### TASK BRIEF
When you reach the line that contains "2、在森林场景,使用左侧移动", begin copying exactly, and continue through the last line of the data; no pictures belong in the copy.

### DATA SHOWN
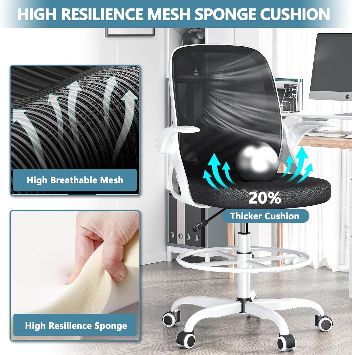 Breathable and Comfortable Tall Office Chair: The backrest are made of high-quality breathable polyester mesh to keep you cool and comfortable. High-density foam-filled seat cushion resists deformation to provide the support that lasts all day long. Comfy standing desk chair
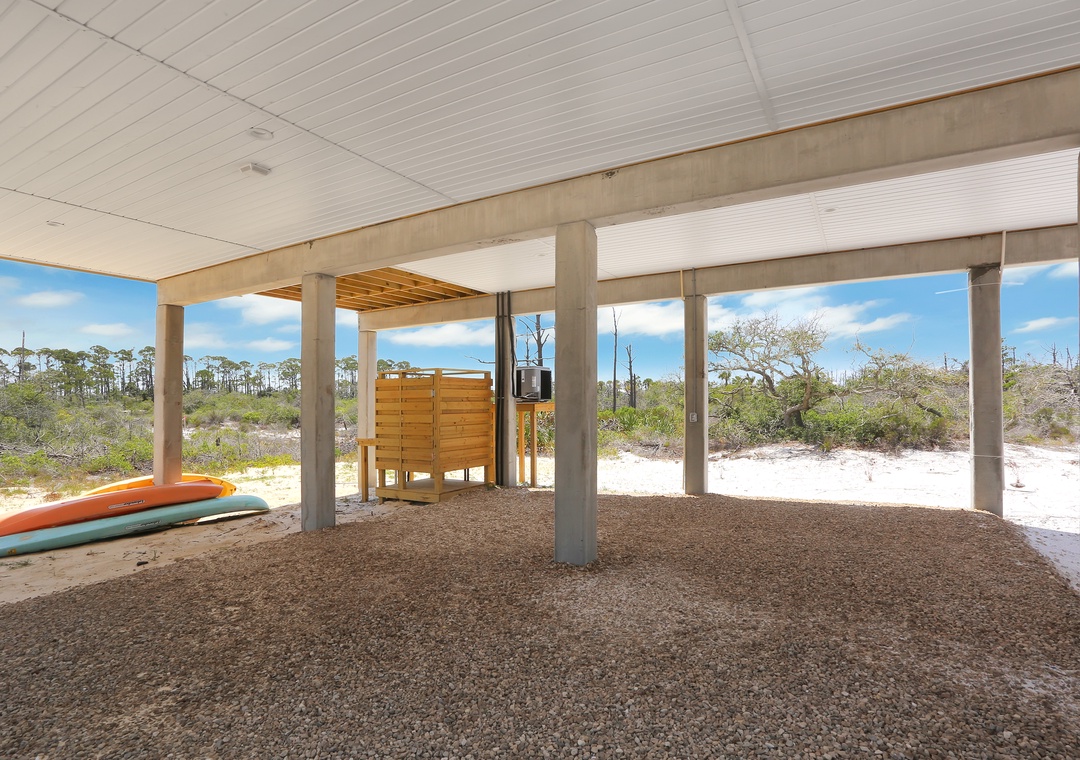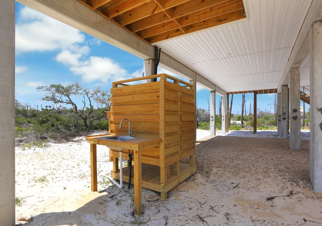 With a great outdoor space, including an outdoor shower and fish cleaning area, Cape Bear is just right to make ending your day of adventure at the park convenient and easy. While there is no deeded beach access from the property, several public options are nearby. Aside from the State Park, Dunes Drive Access and Cape Palms Park are located within a 4-minute drive. If you want to travel by foot, Coneheads 8020 is located within walking distance and easy to get to to enjoy an ice cream cone or local seafood for lunch or dinner.
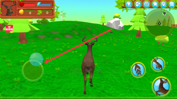 2、在森林场景,使用左侧移动摇杆(箭头指向),操控鹿移动,探索环境,完成生存任务(如觅食、躲避危险)。
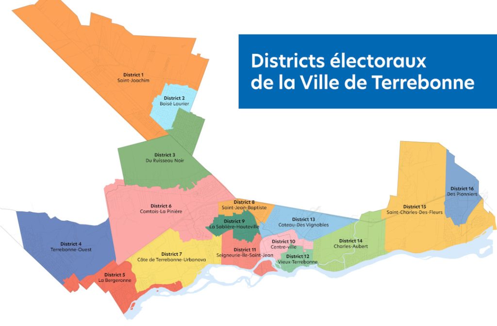 Le District 7 – Côte de Terrebonne – Urbanova et le District 16 – Des Pionniers seront en élection le 2 novembre prochain :

### PROBLEM SOLUTION
 2、在森林场景,使用左侧移动摇杆(箭头指向),操控鹿移动,探索环境,完成生存任务(如觅食、躲避危险)。
 Le District 7 – Côte de Terrebonne – Urbanova et le District 16 – Des Pionniers seront en élection le 2 novembre prochain :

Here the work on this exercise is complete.